(Adds background on electric car strategies of luxury auto
makers, Tesla Motors)
By Joseph White and Edward Taylor
Sept 30 German luxury auto maker BMW AG
said on Friday it will offer all electric versions of
its next generation BMW X3 compact sport utility vehicle and
electric Mini models, expanding its entries in the emerging
electric luxury vehicle market.
BMW confirmed a report earlier Friday by Bloomberg News.
Reuters reported on Sept. 9 that top BMW executives were
skipping Paris auto show events this week to resolve differences
over electric vehicle strategy and chart a new electric product
offensive, including a possible electric Mini.

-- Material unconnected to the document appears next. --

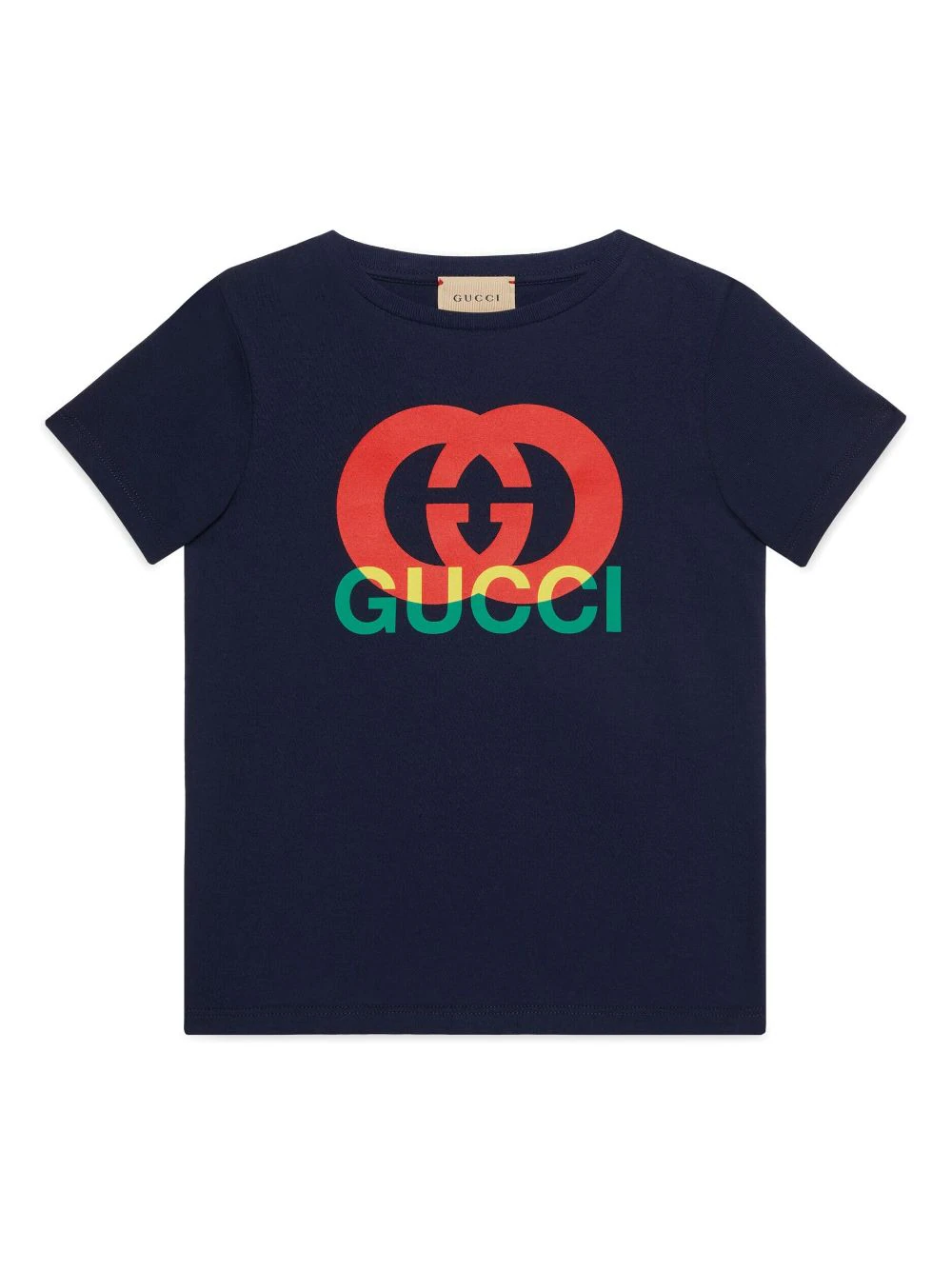 Maglia blu navy bambina,cotone, girocollo, maniche corte e orlo dritto,Gucci kids

The electric Mini is expected to debut in about three years,
company officials said.
BMW faces increasing pressure from German rivals Daimler AG
and Volkswagen AG as well as Tesla Motors
Inc of the United States, which have outlined
aggressive plans to court affluent buyers - and respond to
regulators - with new electric vehicles.
BMW moved earlier than its German rivals to field innovative
electric cars, launching the BMW i3 battery-powered city car in
2013 with a lightweight body made of carbon fiber instead of
steel or aluminum. However, the i3 and the plug-in hybrid i8
have been slow sellers.
Meanwhile, Tesla is aiming for sales of 80,000 or more
electric sedans and sport utility vehicles this year, and has
said that nearly 400,000 would-be buyers have placed
reservations for its Model 3 sedan. Tesla Chief Executive Elon
Musk has said he is targeting a July 2017 launch for the Model
Daimler and VW used this week's Paris auto show to promote
plans to launch new waves of electric vehicles.
Germany's luxury car champions face a convergence of
pressure to embrace electric vehicles from regulatory mandates
and from Tesla's success at winning affluent consumers to the
idea of premium electric vehicles.
In the United States, California and several other states
have adopted escalating quotas for sales of electric vehicles.
California's goal is that 15 per cent of vehicles sold in the
state in 2025 would be battery-powered.
Policymakers in China, the world's largest vehicle market, and
Europe are also calling for more electric vehicles.